WARSAW — Probably the most significant marker of Sally Nelson’s personality is the Harley-Davidson decal she put on her four-wheel electric scooter.
“Everybody who knows me knows about Sally’s Harley,” chuckled the amiable 72-year-old Warsaw resident.
Many of those who know her are regulars at the Kosciusko County’s senior activity center on the north side of Warsaw, a block or so south of Nelson’s apartment.
“They have been very good to me,” said Nelson of Kosciusko Community Senior Services, which operates the activity center.
“They take me on bus rides everywhere I need to go and they helped get me a new wheelchair and a new scooter.”

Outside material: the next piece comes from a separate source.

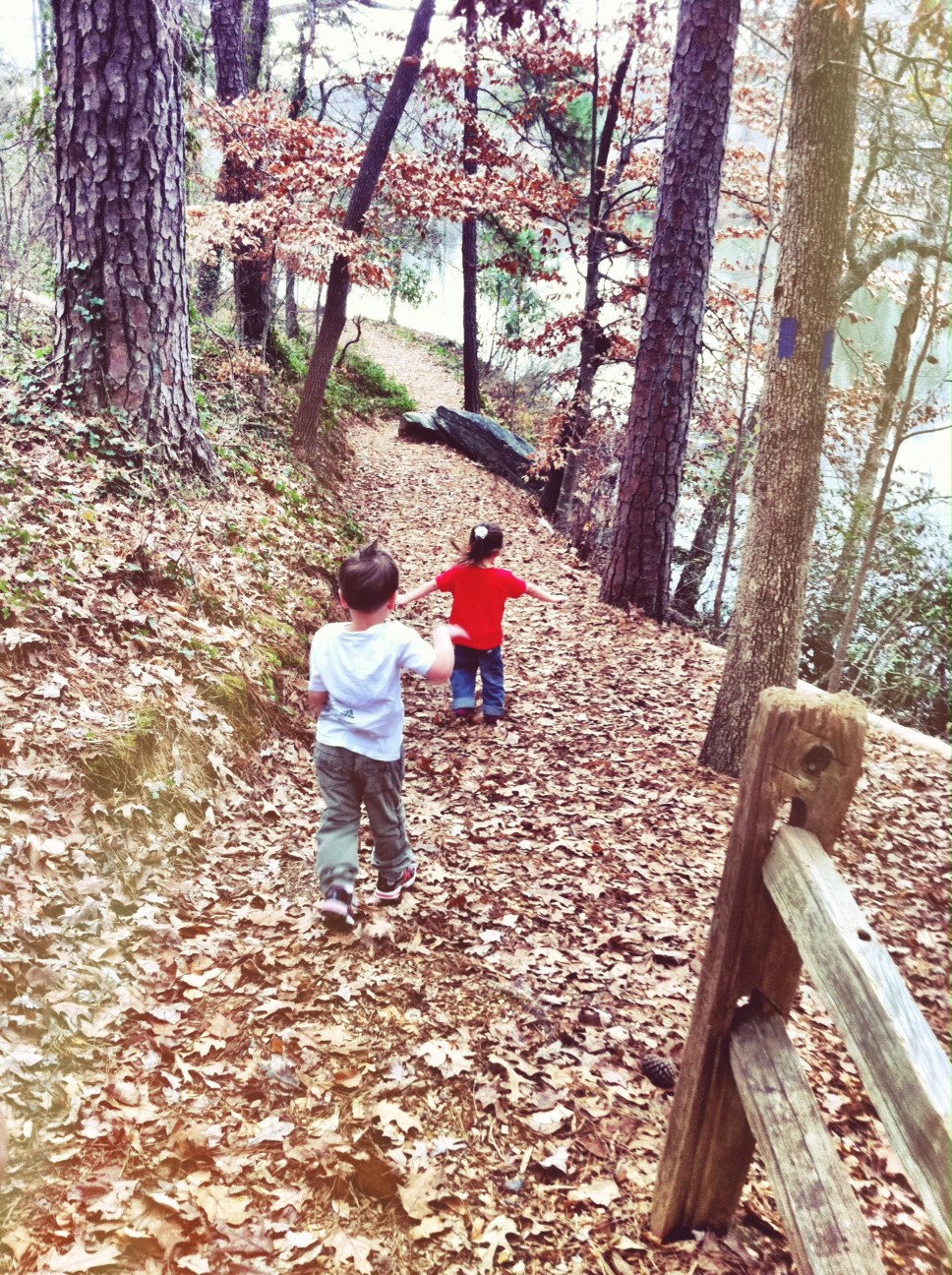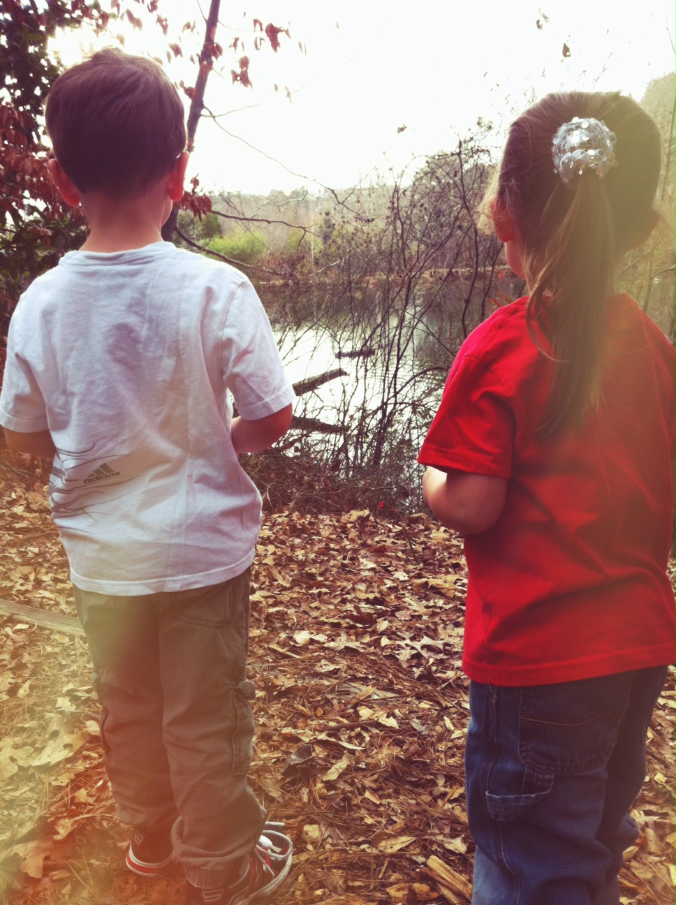 I watched them look in amazement at all the different creatures along our path. The dirt was even fascinating to their young minds. Their imaginations were taking them to far off places with invisible swords and maidens in distress. Where the good guy always wins and rides off with the girl.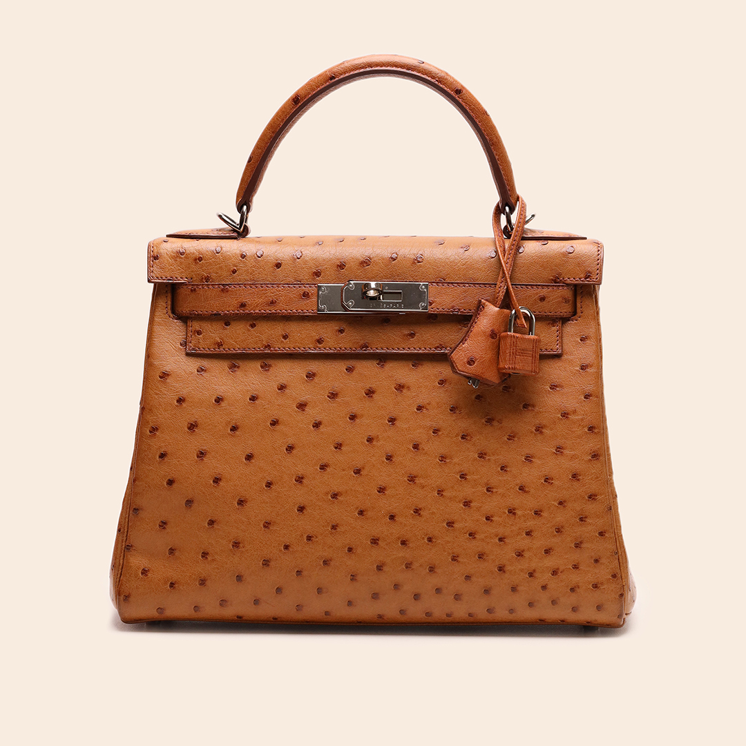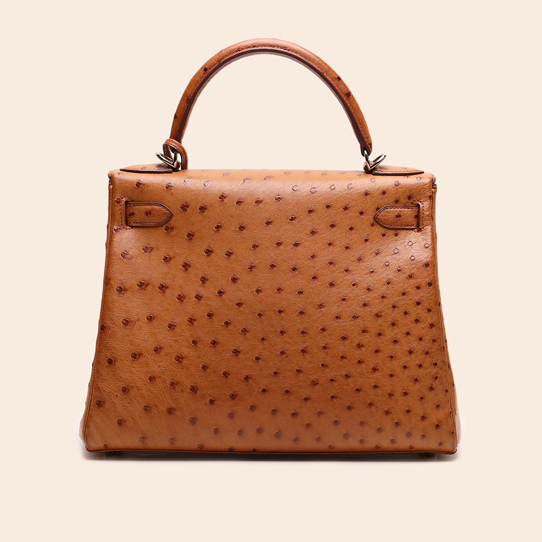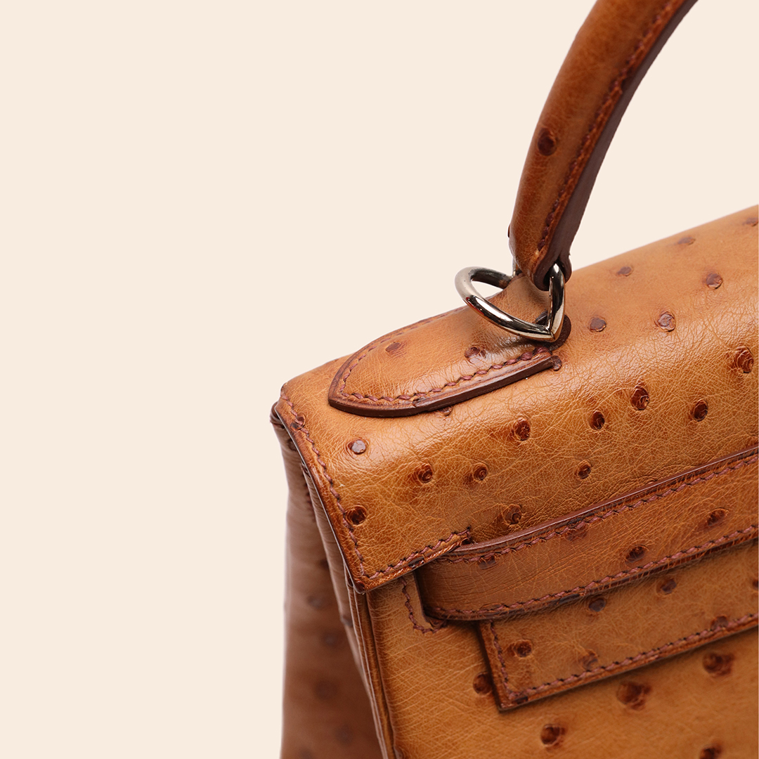 The Hermès Kelly 28 in timeless Gold, crafted from luxurious ostrich leather with distinctive natural quill marks. Finished with sleek palladium hardware. M stamp (2009). A refined and exotic medium-sized bag—ideal for sophisticated daily wear or rare collection pieces.

In return, she does some volunteer work, mostly printing out announcements and puzzles on her home computer for use at the center.

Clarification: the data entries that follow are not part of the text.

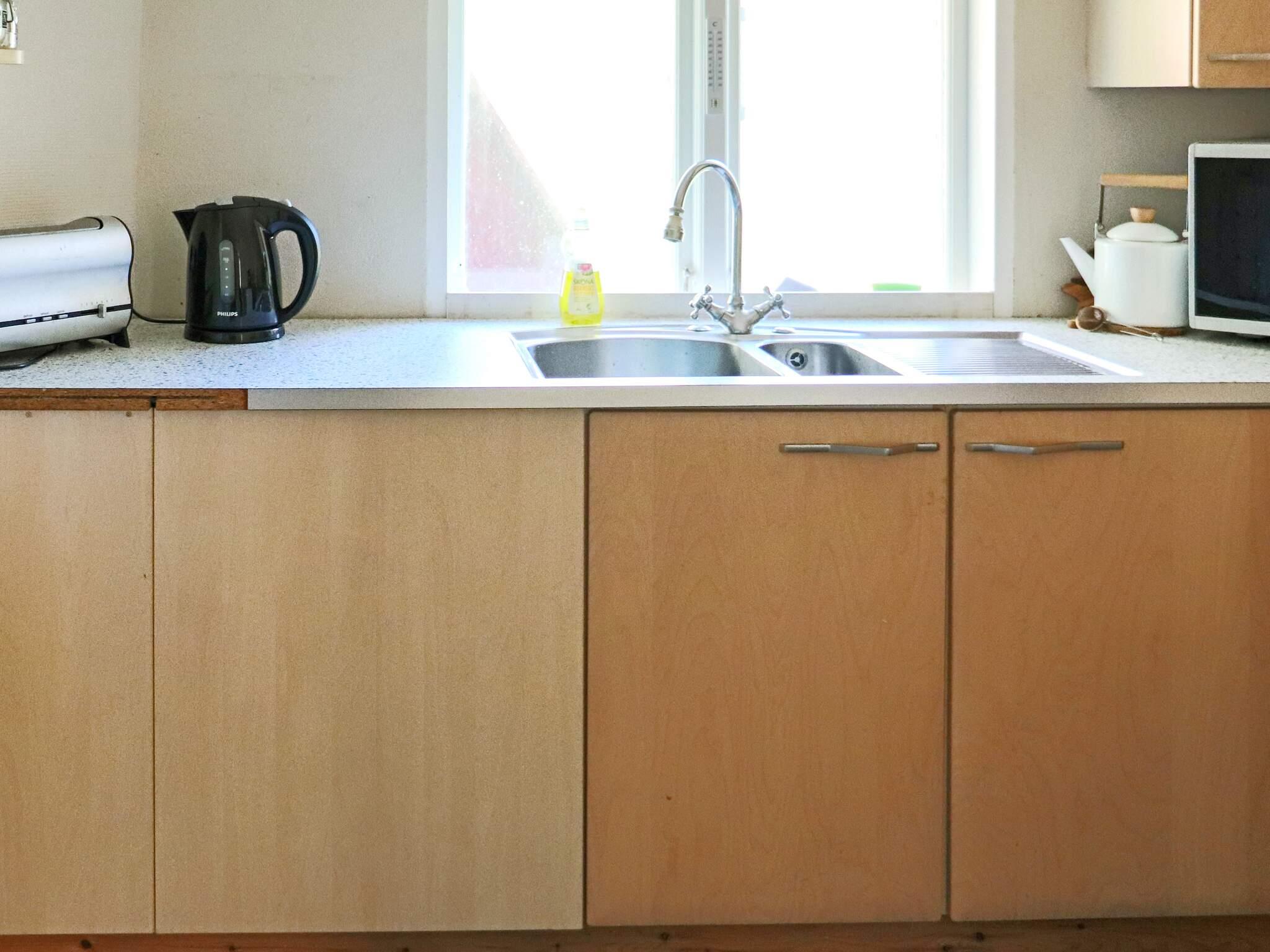 Køkken: El-komfur, køle-frys, mikroovn, kaffemaskine, vand fra brønd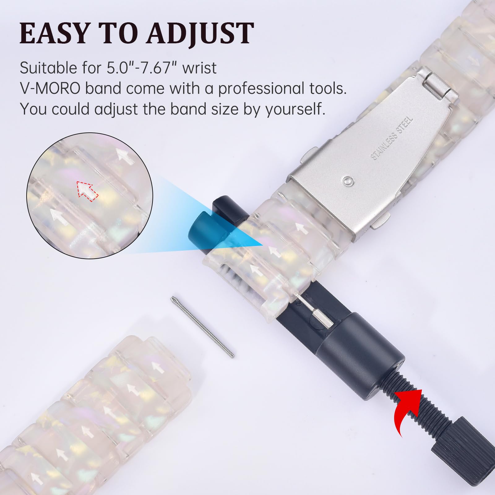 🎅Easy to use and adjust - You only need to press easily the buttons on both sides of the Stainless Steel Buckle to open the strap or release it. The package is contain a links removal tool, an instruction. You could easily remove the extra links to fit your wrist perfectly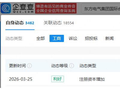 - 东方电气旗下国际合作公司增资至10亿元

Nelson was born and raised in Silver Lake. Her family moved to Palestine when she was in the sixth grade.
Before the move she attended Franklin School, a four-room country schoolhouse. She then attended Mentone schools and graduated in 1965 from Mentone High School.
“I liked rock ’n’ roll and loved the Beach Boys,” she said of her youthful music choices. “Everybody loved The Beatles. Now I like all kinds of music.”

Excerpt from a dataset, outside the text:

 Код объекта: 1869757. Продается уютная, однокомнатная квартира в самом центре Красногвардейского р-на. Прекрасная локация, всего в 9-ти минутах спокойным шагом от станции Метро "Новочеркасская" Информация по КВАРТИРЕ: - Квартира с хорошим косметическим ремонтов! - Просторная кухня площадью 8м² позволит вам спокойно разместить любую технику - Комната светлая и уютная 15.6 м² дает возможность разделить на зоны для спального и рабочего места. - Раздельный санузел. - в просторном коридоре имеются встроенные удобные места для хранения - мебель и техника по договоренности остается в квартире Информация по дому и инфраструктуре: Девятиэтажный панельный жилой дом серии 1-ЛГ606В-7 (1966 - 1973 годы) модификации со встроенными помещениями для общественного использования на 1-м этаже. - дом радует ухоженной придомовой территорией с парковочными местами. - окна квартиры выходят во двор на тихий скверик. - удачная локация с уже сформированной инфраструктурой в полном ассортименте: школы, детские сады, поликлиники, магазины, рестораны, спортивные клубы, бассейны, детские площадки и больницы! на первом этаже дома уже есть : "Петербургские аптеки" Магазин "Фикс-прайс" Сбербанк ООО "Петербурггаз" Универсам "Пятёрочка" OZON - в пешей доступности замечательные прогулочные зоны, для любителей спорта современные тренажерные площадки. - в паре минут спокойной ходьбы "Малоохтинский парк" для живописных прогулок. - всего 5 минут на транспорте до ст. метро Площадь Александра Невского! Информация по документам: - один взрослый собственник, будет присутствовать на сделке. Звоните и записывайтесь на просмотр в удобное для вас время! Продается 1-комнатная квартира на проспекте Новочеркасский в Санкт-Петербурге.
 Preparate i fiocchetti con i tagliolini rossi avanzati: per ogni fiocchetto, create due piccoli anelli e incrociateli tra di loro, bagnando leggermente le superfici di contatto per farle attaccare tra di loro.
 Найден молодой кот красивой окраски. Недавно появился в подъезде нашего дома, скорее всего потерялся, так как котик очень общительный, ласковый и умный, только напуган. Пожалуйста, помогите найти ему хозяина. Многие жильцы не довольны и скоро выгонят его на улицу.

She is partial to Bruce Springsteen nowadays, and though country and western is not her preferred genre, “I like Garth Brooks. He is a cool dude on stage and a good man off stage.”
After high school, Nelson worked for “a good 10 years” at Crystal Performing as a packer on the assembly line.
The business made plastic milk jugs and Nelson said she packed “what seemed like millions” of jugs to be shipped to dairies.
After that she took a job operating a laminating machine at Da-Lite Screen in Warsaw. Her 15-year tenure there was cut short in 1989 when she was involved in a serious car accident, an event she said changed her life.
“God saved my life, and that is the part that changed my personality. I used to always be kind of a snot, afraid to get hurt by people. Now I talk to anybody about anything.”
Though she doesn’t travel much anymore, she “used to love to go on trips and I like to eat,” said Nelson.
“I used to like to go to a restaurant and watch other people, and ask, ‘What are they doing? What makes them tick?’ I still people watch.”
Nelson described herself as “a pretty good artist, a pencil sketcher.” She was also involved in her other two passions: photography and horses. She showed horses in 4-H and eventually “had a truck and trailer and pulled it down the road to show off my quarter horses all over the state of Indiana.”
She attended major events of the All-American Quarter Horse Congress in Columbus, Ohio, competing in the Western Pleasure and English Hunt seat riding events.
Nelson wakes up every morning with a personal philosophy of “never give up, never stop.” She said the medical attendants at Parkview Hospital in Fort Wayne where she was treated after the accident acknowledged, “You’re not a quitter.”
“God saved me to behave myself and be better,” she said.
Nelson recognizes she has gotten through life through the kindness of strangers. “Some people you never would have thought are the ones who help you the most. Sometimes you don’t know by the way people look.”